In a televised interview over the weekend, Prime Minister General Prayut Chan-o-cha said he was confident both Thais and foreigners had become happier since he came into power.
"As far as I know, people are happier than they were before. What people are happy about is that the nation is at peace and in order. For me, I am happy because I make other people happy. As for the power I have, no, I'm not happy," he said.
Prayut, who led the military seizure in May last year in his capacity as Army chief, said many foreigners had told him they were content with the current situation in Thailand.
"People from Europe, the West and superpower nations have come to visit me. They show respect and say they are happy that I'm in power. They even ask me if I can ensure that Thailand continues in this manner. I'm not lying to you," the prime minister said.
Prayut was speaking to Scott Heidler, an Asia correspondent for the Qatar-based TV station Al Jazeera, in an interview this weekend.
Prayut, who is also leader of the National Council for Peace and Order, insisted that he never considered himself as the best man to run the country, but said he took office due to circumstance.
"I had to do this because no one else would. Now, I'm trying to follow the roadmap. I'll be here only for a year or two," he said.
Since the May 22 coup, Prayut has attracted much criticism, being accused of undermining the country's democracy and curbing press freedom.
Asked to respond to the red-shirt movement's notion of how the reconciliation process is non-existent, Prayut said he has tried to be fair, but the red shirts need to be brought to justice because they are to blame.
"I am not an enemy of the red or the yellow shirts. People must stop taking sides based on colour. Be they red shirts or any other colour, they must be brought to justice because they are to blame. I'm not bullying anybody," he said.

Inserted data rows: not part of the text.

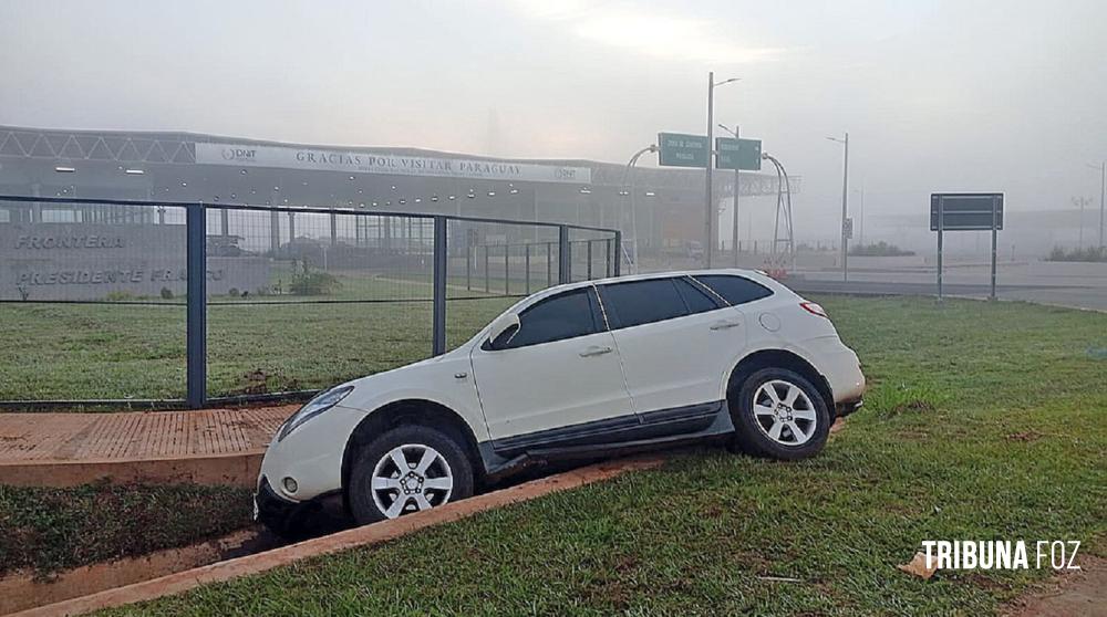 Neblina densa faz veículo cair em vala perto da Ponte da Integração no lado paraguaio da fronteira
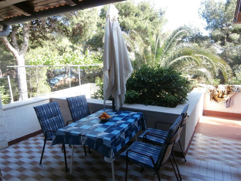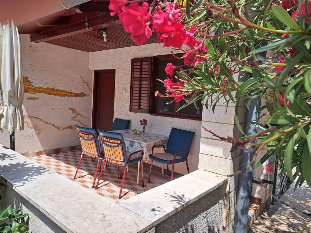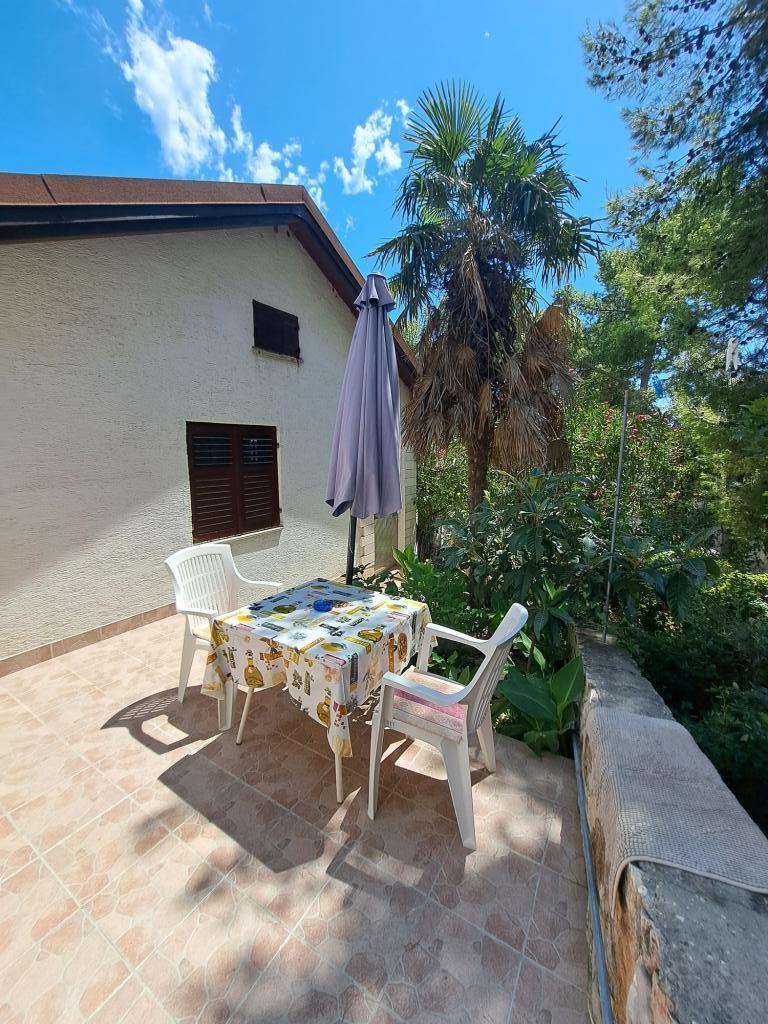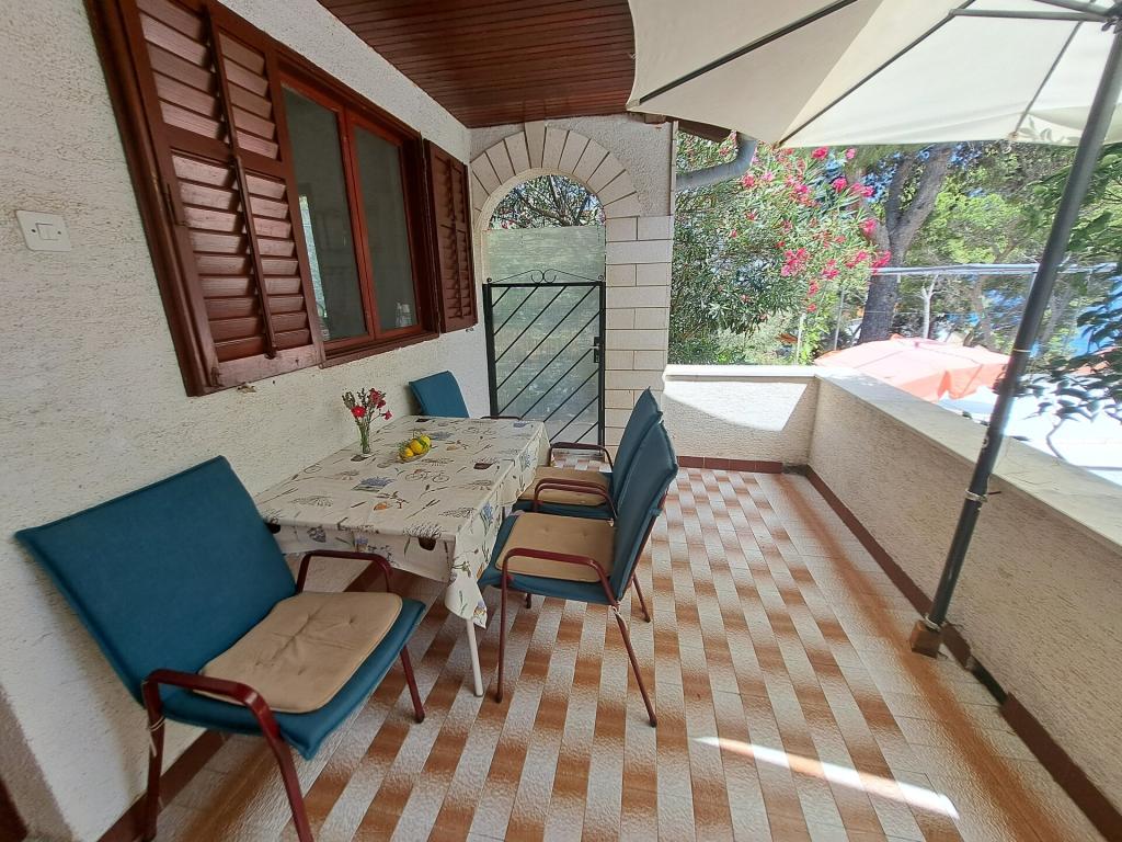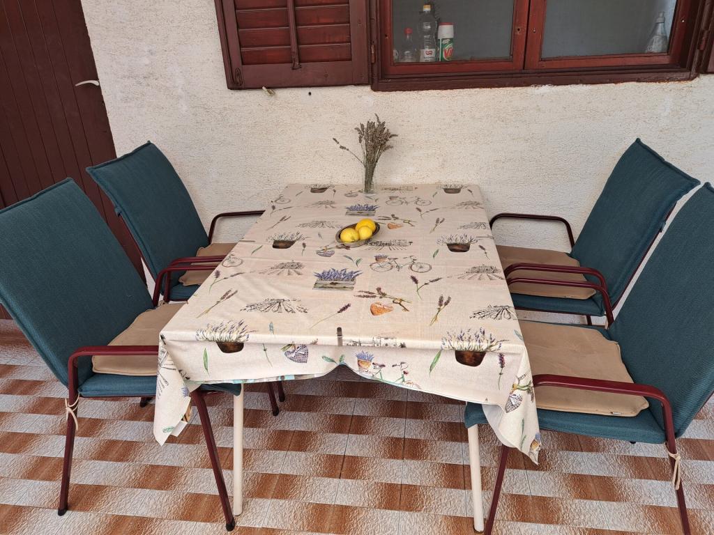 Hišo sestavljata dvosobni apartma A4 (4+0) in studio apartma A2 (2+1) v pritličju. Hiša je nova v borovem gozdu v bližini lepe prodnate plaže, 60m od plaže. Apartma A4, ID51294 je sestavljen iz dveh spalnic, 2+2 ležišč (zakonske postelje), po potrebi še eno ležišče. Apartma A4 (4+0) je v pritličju, s kuhinjo, kopalnico in pokrito teraso za jedilnico in posedanje ter še eno teraso za otroke in sončenje. Velikost apartmaja je cca 50 m2, terase 15 m2 in 25 m2. Ponujamo vam tudi nov Studio apartma A2 (2+1) ID 51296, velikosti 40 m2 s teraso. SAT TV in klima, internet, garaža za avto. Moja družina uporablja stanovanje med temi za najem poleti.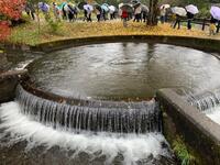 あいにくの天候で、最初の目的地「円形分水」では、じっくり観察することができず、残念でした。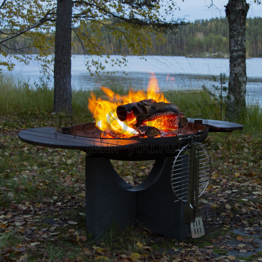 Чаши на высоком основании идеально подходят для установки на террасах, верандах: за счет высокого основания, температура под чашей не окажет термического воздействия на деревянные поверхности или газонную траву.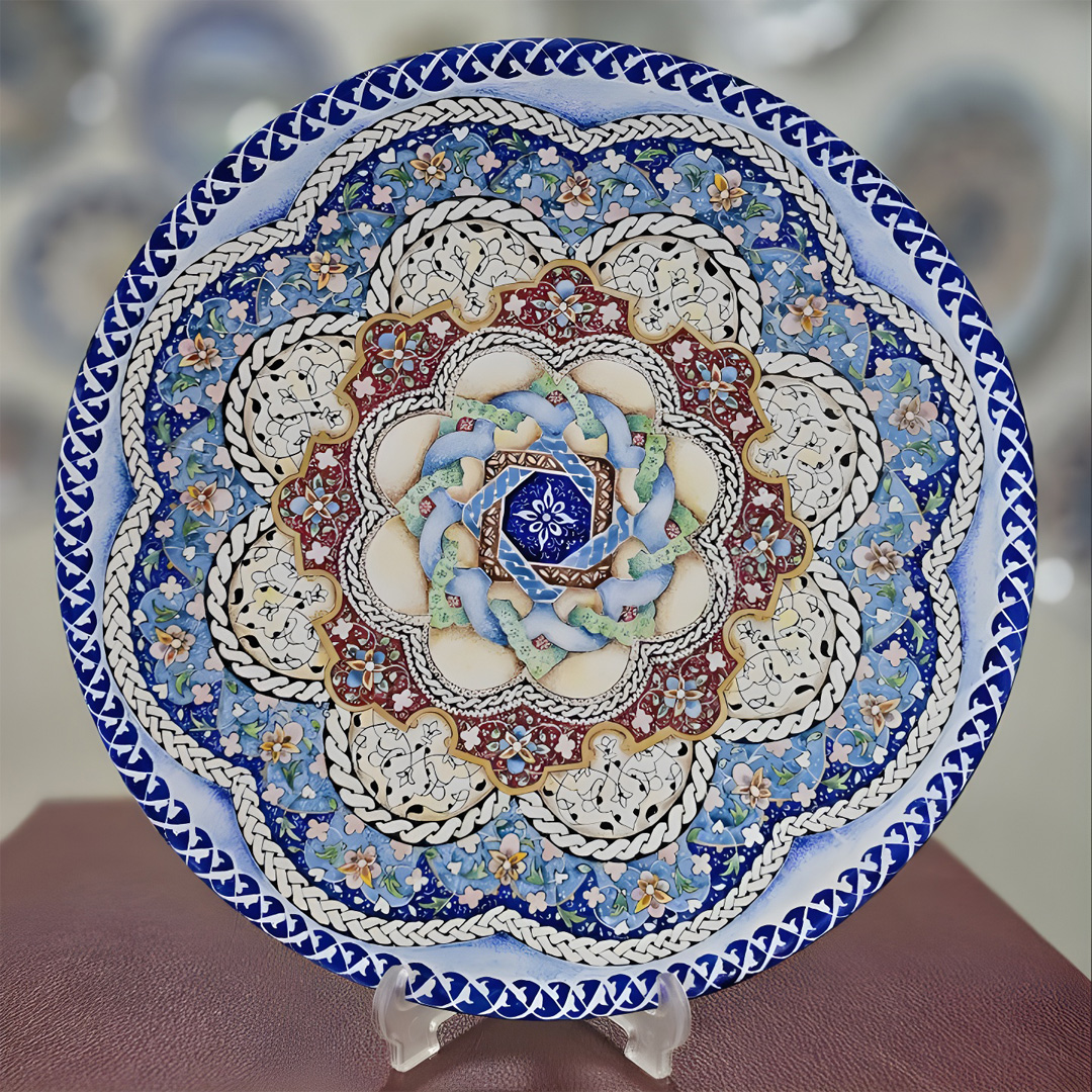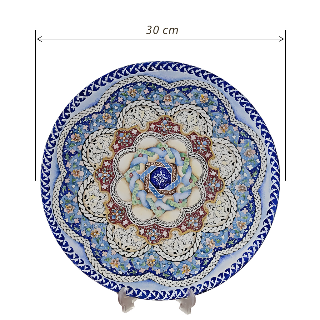 Knot Model Enamel Plate is a mesmerizing piece of Persian craftsmanship, featuring intricate knot-like patterns at the center that symbolize unity and harmony. Made from durable copper and adorned with vibrant floral motifs, the Knot Model Enamel Plate is ideal for elegant home décor or meaningful gifting.

He also cited some instances for which the red shirts are being blamed, including the burning down of provincial government buildings and shooting at officials. He said the evidence is very clear, but nobody wants to take responsibility.
Heidler pointed out that press freedom was the baseline of democracy and he asked Prayut about his notorious statement about executing journalists. The prime minister responded by saying he was just joking with the journalists and that this was the Thai sense of humour.
"Thai journalists know that I'm just joking with them. I've always been kind and compassionate, but the local media needs to be reformed and I have to advise them. I have to tell them what they can or cannot do, but I've never punished a single person from the press," he said.
Separately, in an article published in a government newsletter, Prayut said his government was promoting good governance so that the concept would take hold in Thailand.
"I am trying to rebuild the governance system," he wrote.